Millions of people in America today are living with lead poisoning or complications from chronic lead exposure. Lead-based products — especially paint — are commonplace in houses built before the 1970s, and prolonged exposure can have detrimental effects on health, brain development, and cognitive functioning. A child with lead poisoning is more likely than their peers to struggle academically, experience behavioral issues, and even have interactions with the criminal justice system. Yet despite its known risks, the use of lead-based paint in American homes persisted for more than 50 years after it was banned by the League of Nations in 1922.

In cities like Baltimore, Maryland, where the history of lead paint coincides with a history of racially discriminatory housing policies, the ongoing epidemic of lead poisoning has had a lopsided effect on black communities and neighborhoods of concentrated poverty.

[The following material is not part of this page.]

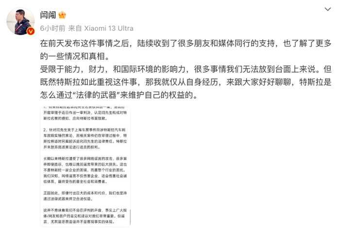 针对特斯拉的回应,今日,微博用户“闫闯”也再次发文称:“受限于能力,财力,和国际环境的影响力,很多事情我们无法放到台面上来说。但既然特斯拉如此重视这件事,那我就仅从自身经历,来跟大家好好聊聊,特斯拉是怎么通过“法律的武器”来维护自己的权益的。”
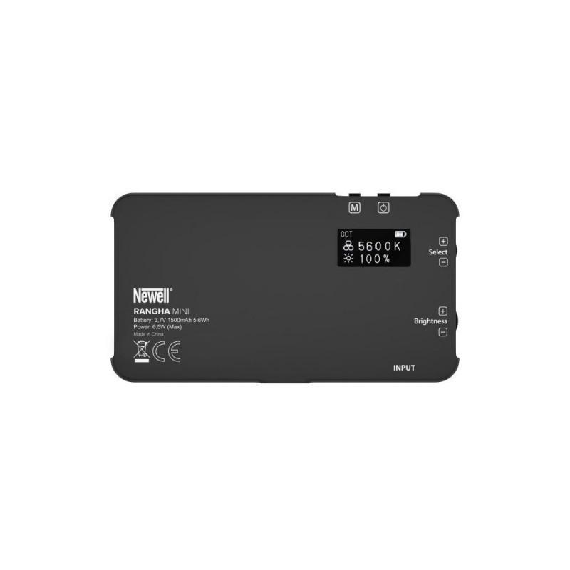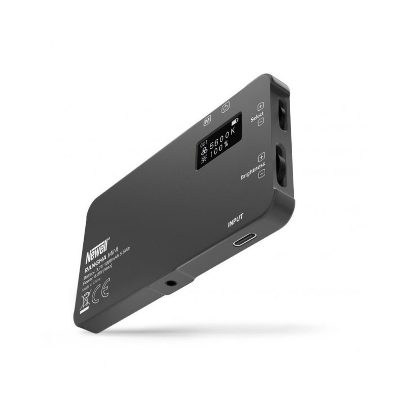 The Newell RGB-W Rangha Mini is a compact LED panel measuring 11 cm by 6 cm. Despite its small size, it offers high brightness that will work well in the world of film and photography. The wide range of color temperature adjustment (2500 – 9900 K) allows you to achieve both warm and cool light tones. Full control over the HSI color space gives users unlimited possibilities to express their creativity through color. There are also 21 special effects on board. Intuitive operation is provided by ergonomic dials and buttons, as well as a backlit OLED screen. You’ll also find a standard 1/4″ thread on the lamp’s metal housing and a USB-C port. A cold shoe adapter is included for mounting on a camera or camcorder.

The growing awareness of lead's developmental impacts have created a harmful stigma for lead poisoning survivors, and a destructive financial industry has emerged to prey on those who have been awarded legal settlements.

Hiding in the Walls offers a look inside the unseen landscape of lead poisoning in America, re-contextualizing the issue as not merely a symptom but a root cause of many cyclical issues experienced by impoverished communities. It unwinds the fraught history of lead's government-mandated use in low-income housing, how lead poisoning became an acceptable norm in urban America, and follows the adult survivors who are on a mission to reclaim the narrative.